Look below for the line that contains "監控器自動記錄發生的所監控的", and write out exactly that line and all remaining lines of the listing, omitting pictures.

#### [Collected data]
┌──

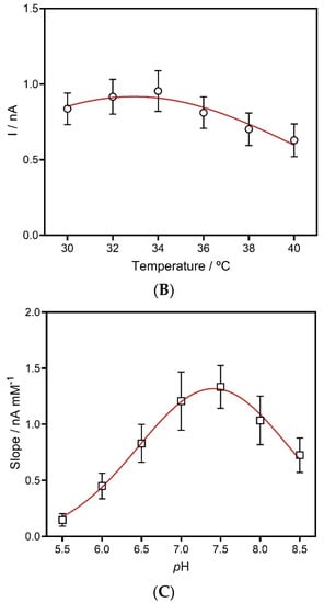 Considering that subtle changes in temperature and pH can occur in the brain extracellular space [52,53,54], and that these directly affect enzyme activity, these parameters were evaluated to fully characterize the lactate microbiosensor.
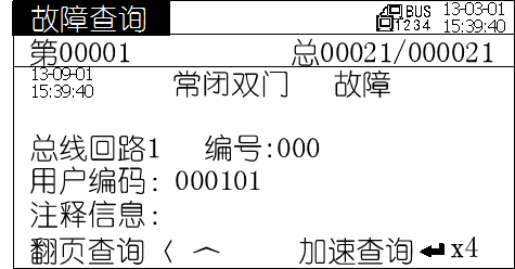 監控器自動記錄發生的所監控的防火門故障及監控系統其他故障記錄,通過“故障查詢”可查詢到所有記錄。
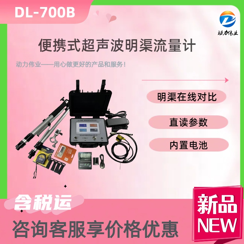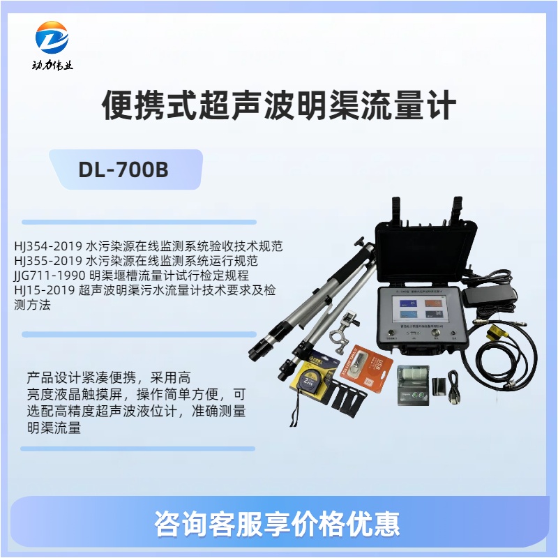 便携式明渠流量计DL 700B是一款常用于水利、环保、农业等领域的流量测量设备,适用于明渠(如河流、沟渠、排水管道等)的流速和流量监测。以下是关于该设备的关键信息总结:

└──

#### [Reply]
 監控器自動記錄發生的所監控的防火門故障及監控系統其他故障記錄,通過“故障查詢”可查詢到所有記錄。
 便携式明渠流量计DL 700B是一款常用于水利、环保、农业等领域的流量测量设备,适用于明渠(如河流、沟渠、排水管道等)的流速和流量监测。以下是关于该设备的关键信息总结:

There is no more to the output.